■ **What you will do**: Taking the entries below, transcribe only the lines starting with the one with "your showing today!" and going on through the one with "Brand new! On", exactly as written, without the pictures.

■ **Records supplied**:
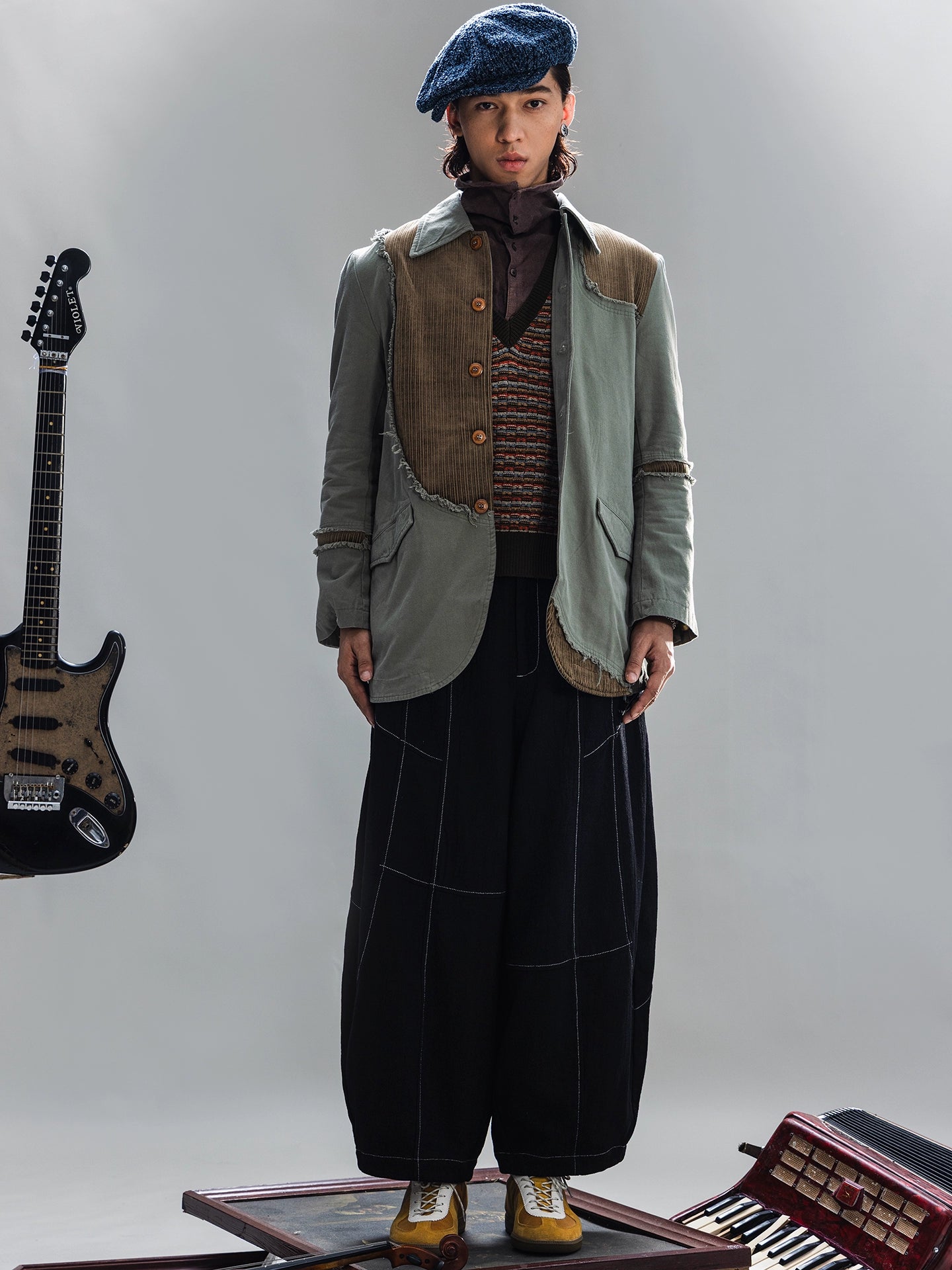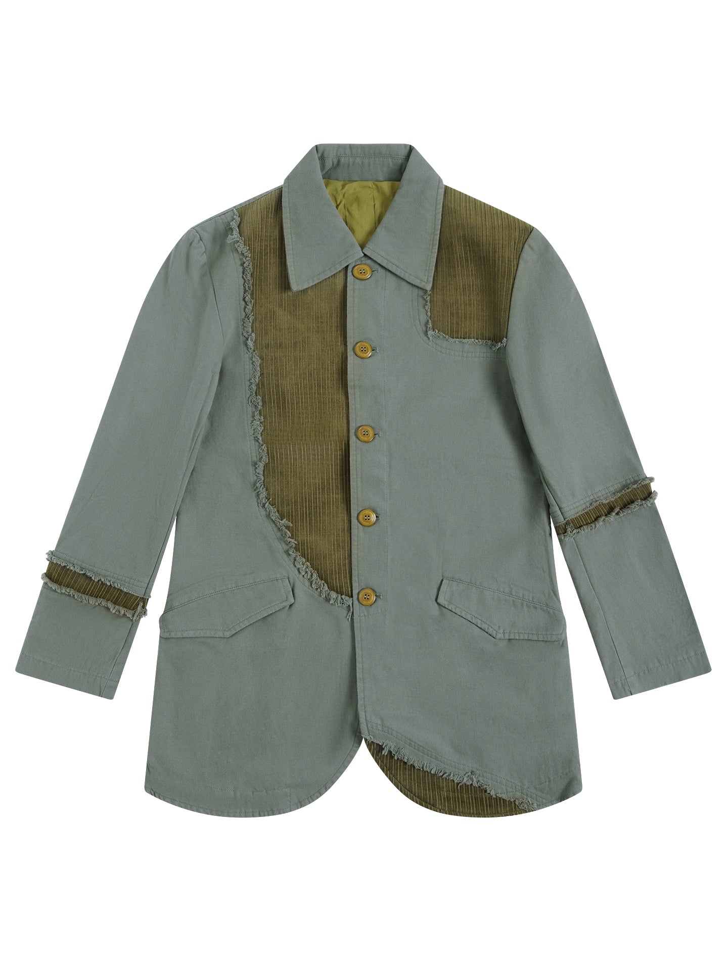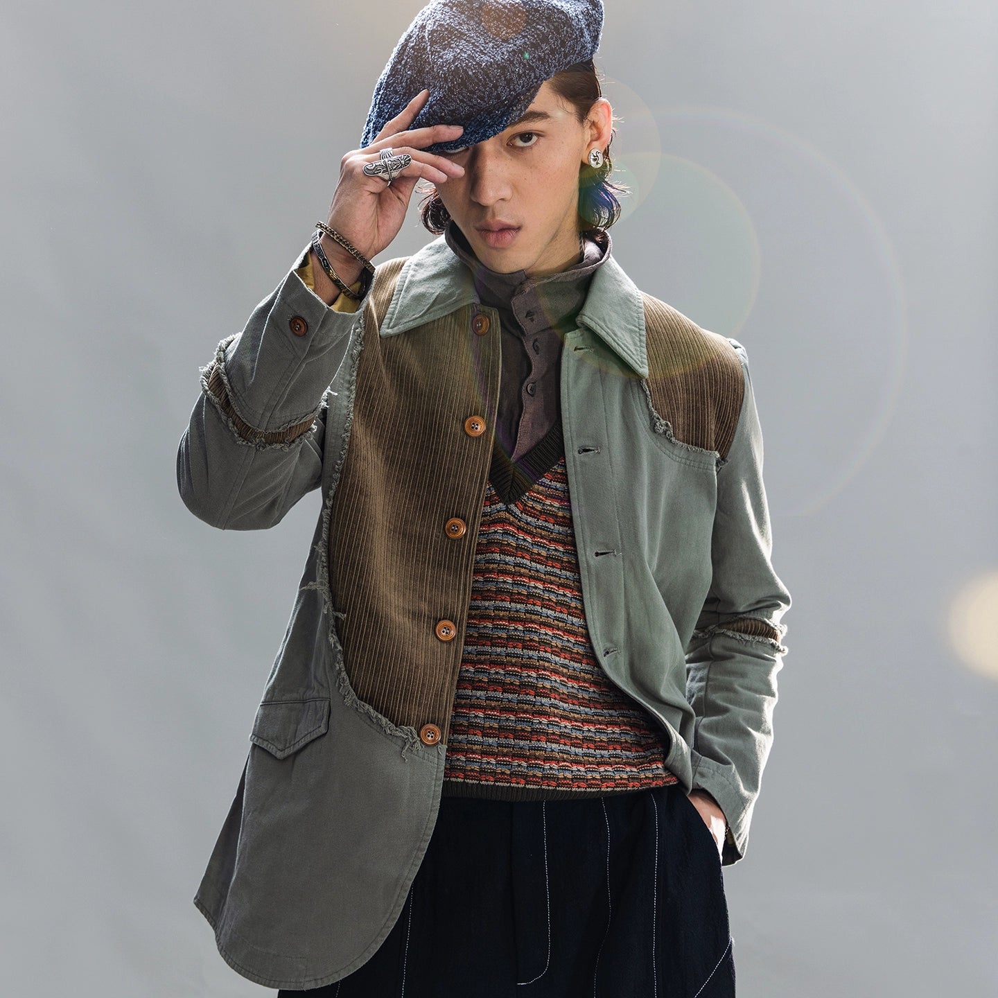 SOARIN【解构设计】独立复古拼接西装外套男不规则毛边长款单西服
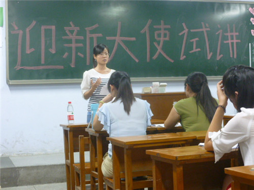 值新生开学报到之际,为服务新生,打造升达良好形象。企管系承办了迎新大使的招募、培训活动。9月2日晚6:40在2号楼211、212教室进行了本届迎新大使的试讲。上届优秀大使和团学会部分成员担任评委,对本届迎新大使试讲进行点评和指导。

...

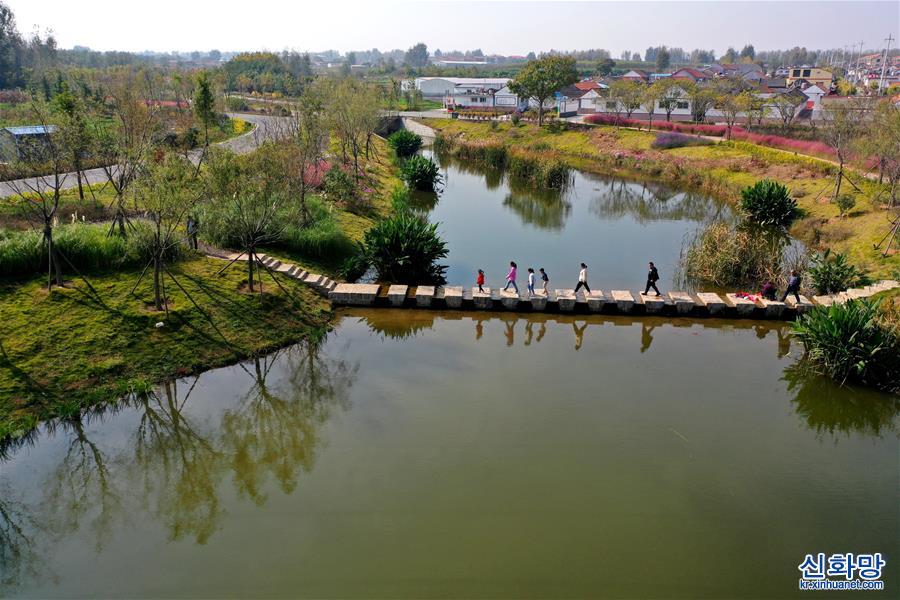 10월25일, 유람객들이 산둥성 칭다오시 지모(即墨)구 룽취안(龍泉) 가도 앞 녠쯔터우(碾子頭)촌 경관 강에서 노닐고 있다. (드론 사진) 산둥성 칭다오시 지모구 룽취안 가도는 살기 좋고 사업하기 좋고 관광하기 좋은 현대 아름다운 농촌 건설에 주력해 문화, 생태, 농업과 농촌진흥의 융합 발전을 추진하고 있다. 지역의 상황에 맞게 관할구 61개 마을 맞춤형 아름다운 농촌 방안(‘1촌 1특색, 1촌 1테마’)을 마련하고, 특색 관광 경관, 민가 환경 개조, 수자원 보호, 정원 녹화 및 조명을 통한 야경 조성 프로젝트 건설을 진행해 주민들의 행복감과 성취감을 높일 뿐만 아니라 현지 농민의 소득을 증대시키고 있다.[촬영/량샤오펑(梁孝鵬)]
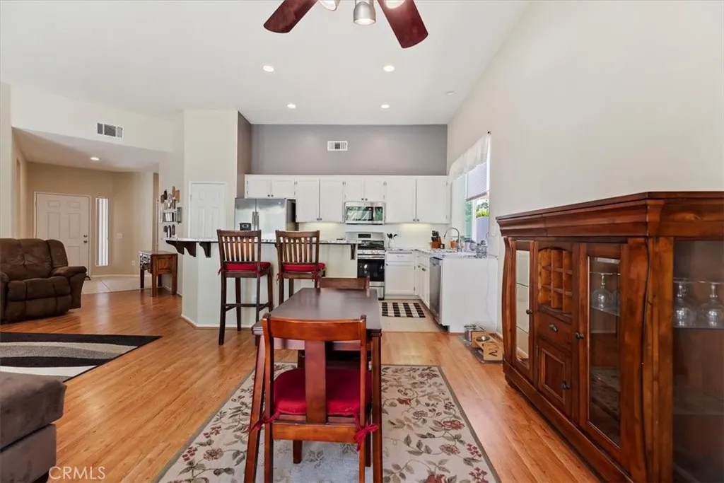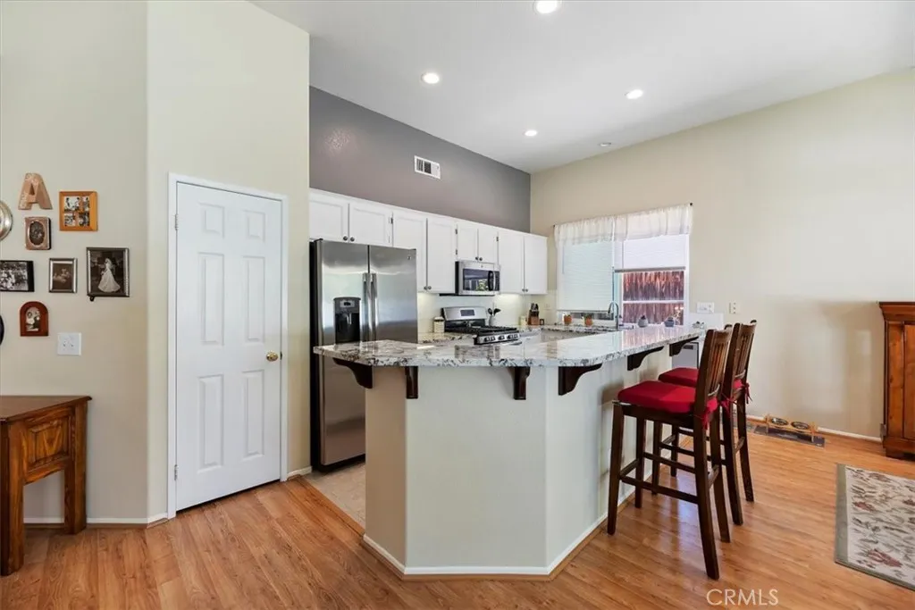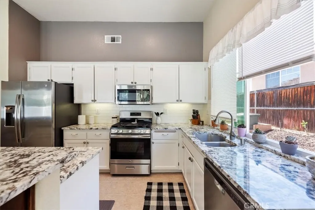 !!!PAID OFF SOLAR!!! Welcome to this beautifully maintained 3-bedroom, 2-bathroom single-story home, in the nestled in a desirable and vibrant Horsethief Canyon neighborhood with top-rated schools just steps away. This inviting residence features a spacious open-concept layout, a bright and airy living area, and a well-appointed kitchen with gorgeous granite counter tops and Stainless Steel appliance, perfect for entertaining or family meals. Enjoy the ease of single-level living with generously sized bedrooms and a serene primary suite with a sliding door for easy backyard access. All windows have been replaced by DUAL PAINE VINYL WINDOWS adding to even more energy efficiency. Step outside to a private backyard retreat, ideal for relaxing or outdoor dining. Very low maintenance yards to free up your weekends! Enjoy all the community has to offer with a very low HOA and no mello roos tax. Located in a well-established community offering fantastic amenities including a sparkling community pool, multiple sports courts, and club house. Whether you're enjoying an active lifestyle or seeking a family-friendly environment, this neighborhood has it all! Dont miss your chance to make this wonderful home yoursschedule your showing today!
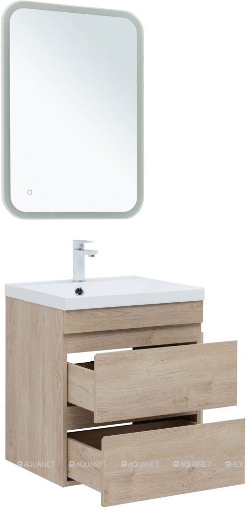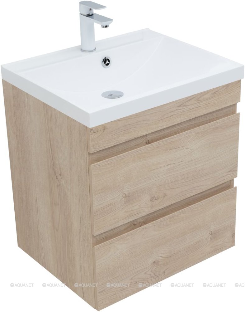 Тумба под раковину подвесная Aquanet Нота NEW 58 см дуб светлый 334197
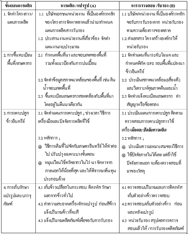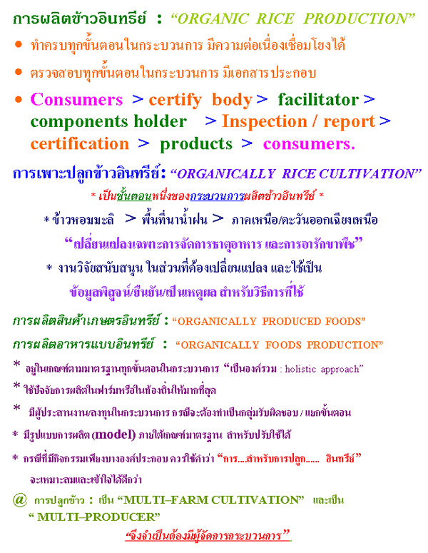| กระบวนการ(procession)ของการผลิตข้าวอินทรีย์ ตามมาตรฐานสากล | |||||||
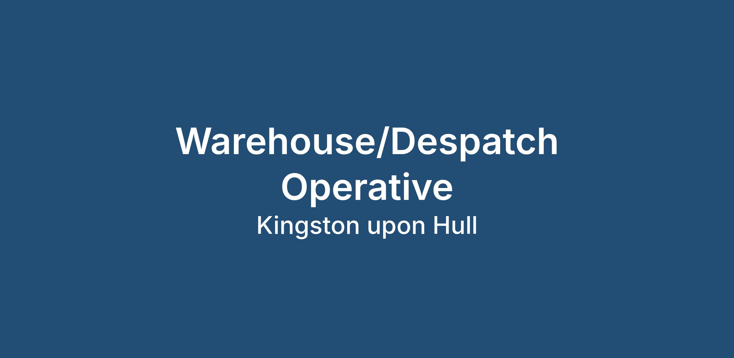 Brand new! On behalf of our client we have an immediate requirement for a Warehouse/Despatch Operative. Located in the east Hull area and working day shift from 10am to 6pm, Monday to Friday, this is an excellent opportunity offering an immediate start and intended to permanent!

==

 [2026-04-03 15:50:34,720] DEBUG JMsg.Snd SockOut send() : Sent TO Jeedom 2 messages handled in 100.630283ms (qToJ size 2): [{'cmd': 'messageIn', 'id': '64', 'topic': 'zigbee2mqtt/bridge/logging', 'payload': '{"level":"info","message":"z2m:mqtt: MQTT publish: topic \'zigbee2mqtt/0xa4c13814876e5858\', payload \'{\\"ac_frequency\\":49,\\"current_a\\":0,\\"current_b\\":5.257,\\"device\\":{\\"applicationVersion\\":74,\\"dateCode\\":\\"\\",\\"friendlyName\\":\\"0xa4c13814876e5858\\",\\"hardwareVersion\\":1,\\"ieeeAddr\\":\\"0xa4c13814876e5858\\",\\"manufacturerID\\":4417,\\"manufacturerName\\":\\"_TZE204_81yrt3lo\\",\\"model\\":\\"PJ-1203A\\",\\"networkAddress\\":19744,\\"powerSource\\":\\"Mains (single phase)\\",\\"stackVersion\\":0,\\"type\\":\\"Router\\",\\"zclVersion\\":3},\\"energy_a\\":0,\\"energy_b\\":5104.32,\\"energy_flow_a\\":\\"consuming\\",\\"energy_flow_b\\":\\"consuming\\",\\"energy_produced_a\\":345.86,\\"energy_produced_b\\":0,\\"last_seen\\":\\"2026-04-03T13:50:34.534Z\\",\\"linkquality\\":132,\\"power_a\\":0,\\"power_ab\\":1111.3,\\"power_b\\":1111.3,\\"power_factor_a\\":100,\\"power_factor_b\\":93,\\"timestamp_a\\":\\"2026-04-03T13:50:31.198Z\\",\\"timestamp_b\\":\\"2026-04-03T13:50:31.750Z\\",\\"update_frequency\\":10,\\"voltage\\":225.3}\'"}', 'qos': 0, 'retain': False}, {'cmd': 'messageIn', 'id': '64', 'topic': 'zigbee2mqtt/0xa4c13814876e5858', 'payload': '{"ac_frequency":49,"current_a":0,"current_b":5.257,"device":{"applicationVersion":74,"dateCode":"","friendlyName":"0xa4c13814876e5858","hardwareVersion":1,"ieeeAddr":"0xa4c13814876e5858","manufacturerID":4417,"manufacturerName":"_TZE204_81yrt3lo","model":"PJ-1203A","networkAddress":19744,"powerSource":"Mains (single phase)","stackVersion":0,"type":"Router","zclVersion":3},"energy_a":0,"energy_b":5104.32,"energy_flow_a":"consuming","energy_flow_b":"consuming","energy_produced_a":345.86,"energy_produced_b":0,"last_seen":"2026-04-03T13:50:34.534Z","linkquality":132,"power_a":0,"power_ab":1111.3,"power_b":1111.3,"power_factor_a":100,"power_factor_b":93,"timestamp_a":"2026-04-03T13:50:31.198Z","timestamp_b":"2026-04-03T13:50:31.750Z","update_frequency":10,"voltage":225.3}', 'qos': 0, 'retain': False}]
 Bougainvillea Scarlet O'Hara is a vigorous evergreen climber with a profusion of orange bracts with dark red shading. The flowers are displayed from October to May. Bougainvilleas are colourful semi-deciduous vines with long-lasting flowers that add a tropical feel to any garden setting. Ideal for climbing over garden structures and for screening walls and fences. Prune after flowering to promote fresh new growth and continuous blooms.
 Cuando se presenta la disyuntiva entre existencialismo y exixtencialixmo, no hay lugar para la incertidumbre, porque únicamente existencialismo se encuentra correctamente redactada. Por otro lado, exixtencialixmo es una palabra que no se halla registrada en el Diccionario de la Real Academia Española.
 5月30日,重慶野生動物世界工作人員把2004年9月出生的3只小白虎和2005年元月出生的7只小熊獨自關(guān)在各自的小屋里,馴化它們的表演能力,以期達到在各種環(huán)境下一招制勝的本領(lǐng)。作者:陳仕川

■ **Output for this task**:
 !!!PAID OFF SOLAR!!! Welcome to this beautifully maintained 3-bedroom, 2-bathroom single-story home, in the nestled in a desirable and vibrant Horsethief Canyon neighborhood with top-rated schools just steps away. This inviting residence features a spacious open-concept layout, a bright and airy living area, and a well-appointed kitchen with gorgeous granite counter tops and Stainless Steel appliance, perfect for entertaining or family meals. Enjoy the ease of single-level living with generously sized bedrooms and a serene primary suite with a sliding door for easy backyard access. All windows have been replaced by DUAL PAINE VINYL WINDOWS adding to even more energy efficiency. Step outside to a private backyard retreat, ideal for relaxing or outdoor dining. Very low maintenance yards to free up your weekends! Enjoy all the community has to offer with a very low HOA and no mello roos tax. Located in a well-established community offering fantastic amenities including a sparkling community pool, multiple sports courts, and club house. Whether you're enjoying an active lifestyle or seeking a family-friendly environment, this neighborhood has it all! Dont miss your chance to make this wonderful home yoursschedule your showing today!
 Тумба под раковину подвесная Aquanet Нота NEW 58 см дуб светлый 334197
| กระบวนการ(procession)ของการผลิตข้าวอินทรีย์ ตามมาตรฐานสากล | |||||||
 Brand new! On behalf of our client we have an immediate requirement for a Warehouse/Despatch Operative. Located in the east Hull area and working day shift from 10am to 6pm, Monday to Friday, this is an excellent opportunity offering an immediate start and intended to permanent!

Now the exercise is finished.